Лицо Торопова на морозе разрумянилось, как всегда, выглядело плутоватым, улыбчатым, и только по обкусанным, обветренным губам можно было догадаться, что и он перетерпел немало.
— Братки, — взмолился Павлов. — Поставьте нас рядышком… Сослуживцы мы, с одного взвода.
— С одного взвода! А если с одного полка или с одной дивизии, тоже всех рядышком? Пусти носилки, не цепляйся, — осердились санитары, но все же уступили просьбе и в коридоре поставили носилки почти впритык.
Операционная размещалась в станичном Доме культуры. На одной из дверей в коридоре и сейчас висела табличка: «Вход после третьего звонка воспрещается». Эта дверь то и дело распахивалась, вносили и выносили раненых. Павлову и Торопову полагалось бы сострадать, сочувствовать друг другу, что им довелось очутиться здесь, где мучаются люди, где им обоим предстоит застонать под ножом хирурга, но они словно позабыли все сострадательные слова, непритворно довольные тем, что оказались вместе.

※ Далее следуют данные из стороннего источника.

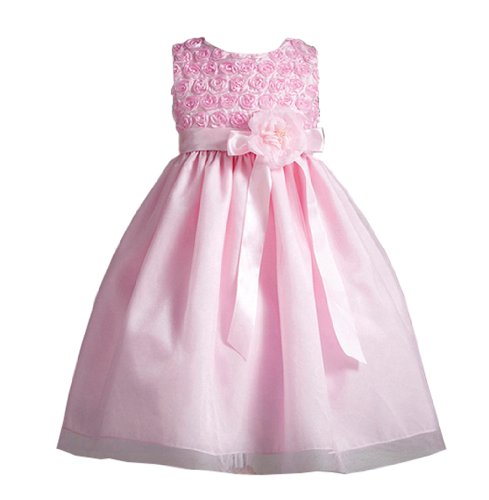 The Detailed Description of Audrey Rosette Embroidered Flower Girl Dress with Flower Sash for Infants Fancy Dress Color: Pink Dress Size: 12M (12 months)Features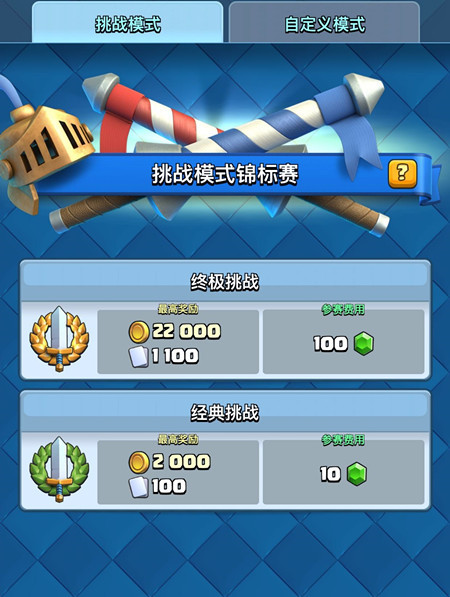在《皇室战争》里,现在的锦标赛被区分为挑战模式和自定义模式。在挑战模式中,玩家可支付10宝石或者100宝石开启挑战,门票费用决定了对应胜场的奖励额度,并不影响实际的挑战难度。同在挑战池中的玩家会根据实力进行匹配,玩家胜场越多,奖励越高,12胜封顶,战败3场比赛结束。说白了,这个挑战模式规则与《炉石传说》的竞技场如出一辙。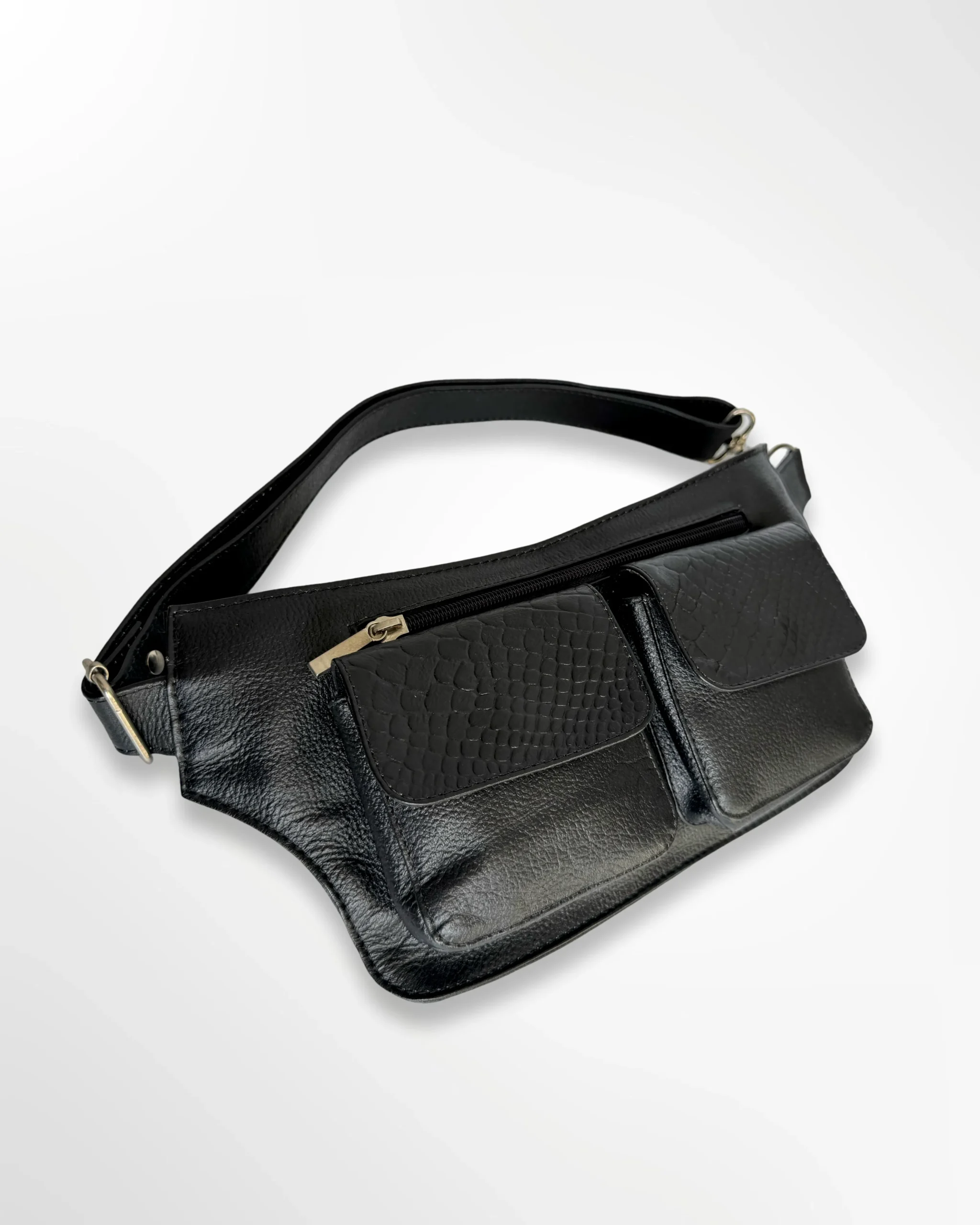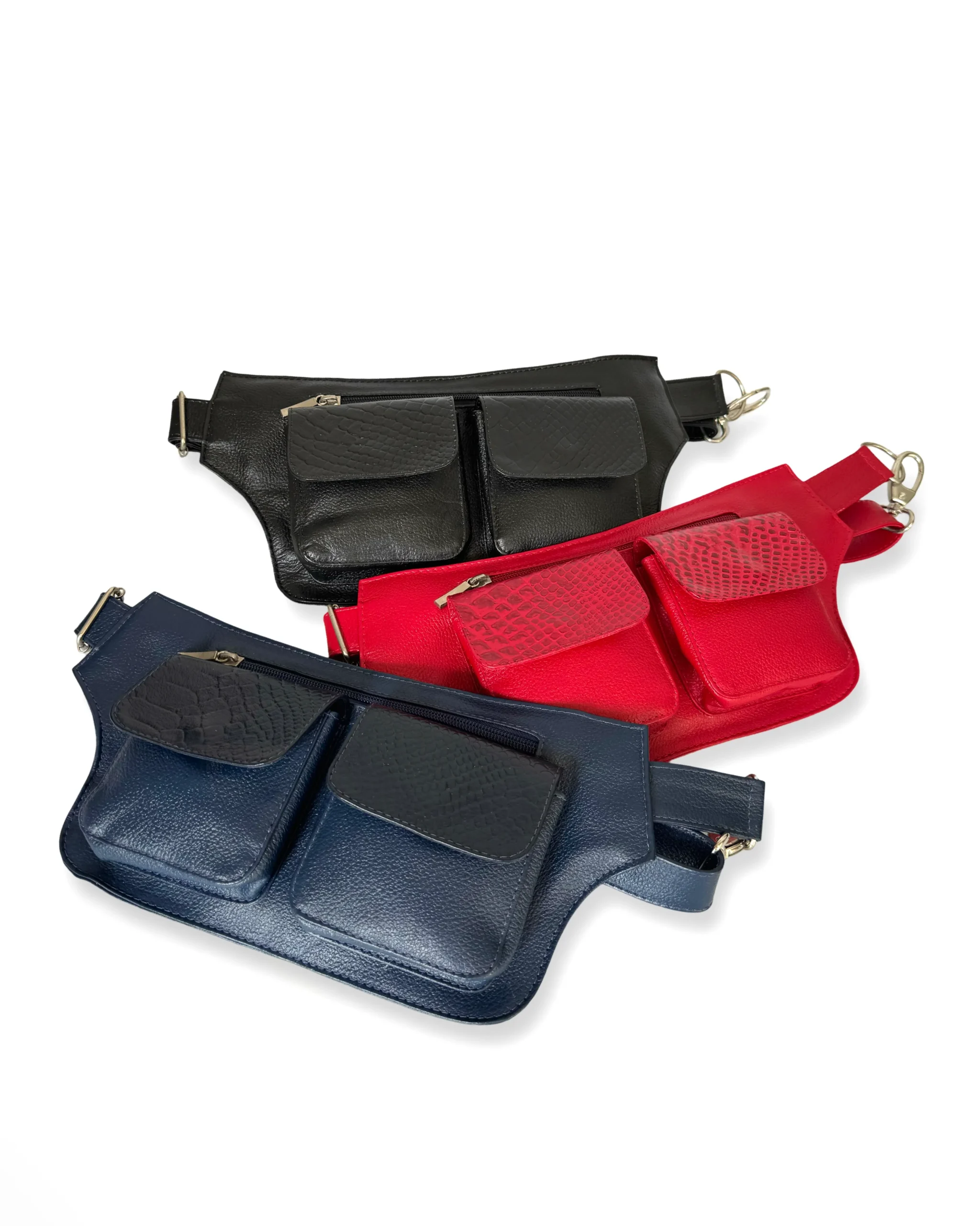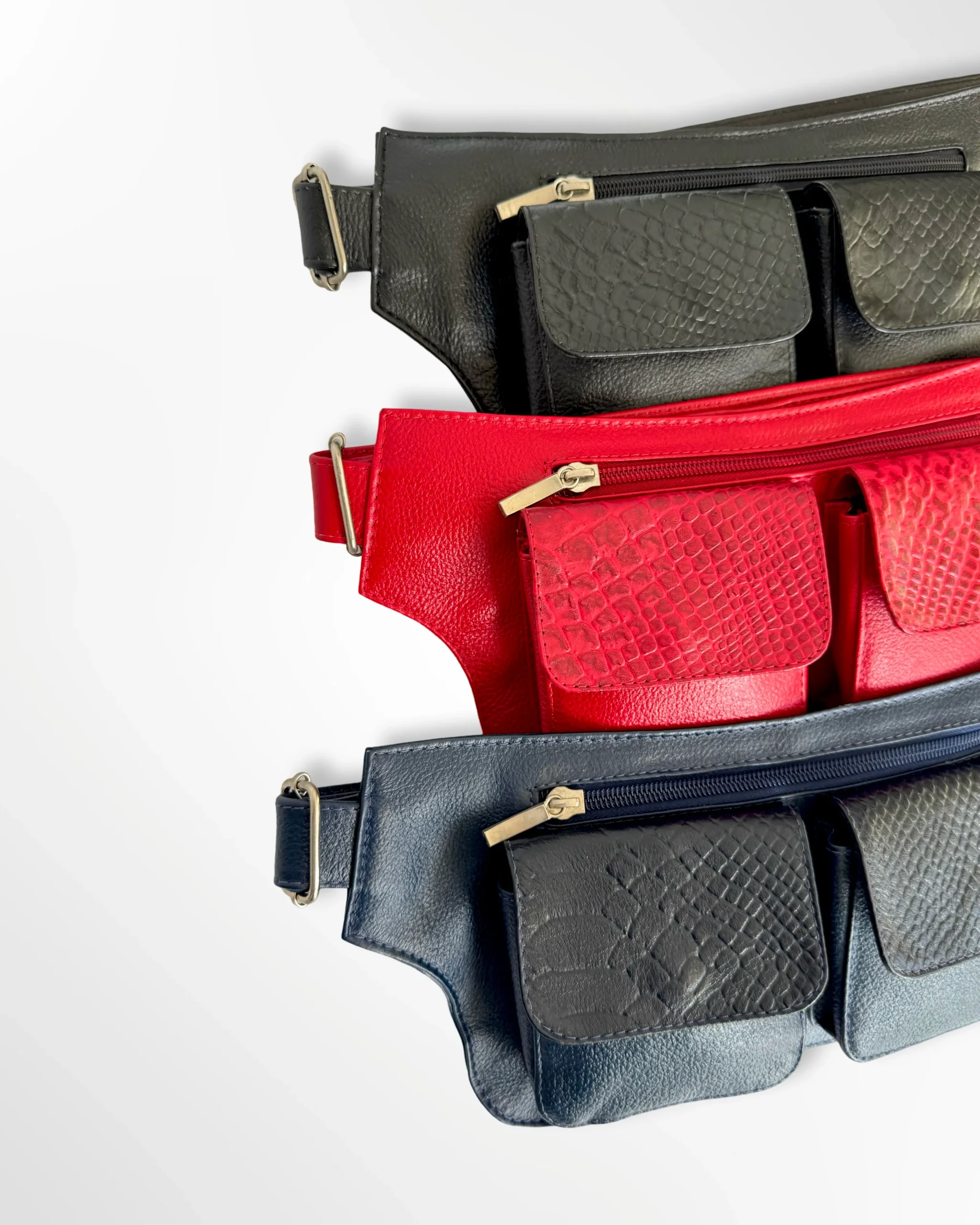 Nuestra riñonera para dama combina diseño y practicidad con su cuero texturizado que da vida a sus singulares colores. Sus dos compartimentos gemelos con broche imantado aportan un toque estilizado, mientras sus dos bolsillos con cremallera, uno delantero y otro posterior de seguridad, te permiten organizar lo esencial de forma cómoda y segura.

— Главное, Михалыч, чтоб кость была цела, а мясо нарастет, — ободрял Торопов.
— Да кость вроде не тронута, я до полуторки худо-бедно, а сам ковылял… Это уж тут меня на носилки взвалили…
— Ну вот и хорошо. Я же видел, ты не только Зимина, ты и других выручил. Та клятая вражья душа пулеметом многих скосила бы… Я успел стороной проскочить, уже в окопе осколком задело, наверное, в мякоти и остался… Это не беда! Еще повоюем! Ты за меня держись, Михалыч, чтоб вместе… Я с медициной разговаривать умею… Выкарабкаемся и упросимся в свой, в семьдесят восьмой, в тот же взвод…
— Вот и я об этом думаю…
— Держись за меня, слышь, Михалыч!.. Вместе будем. Не отставай!.. — кричал Торопов и тогда, когда его первым понесли на носилках к двери с табличкой.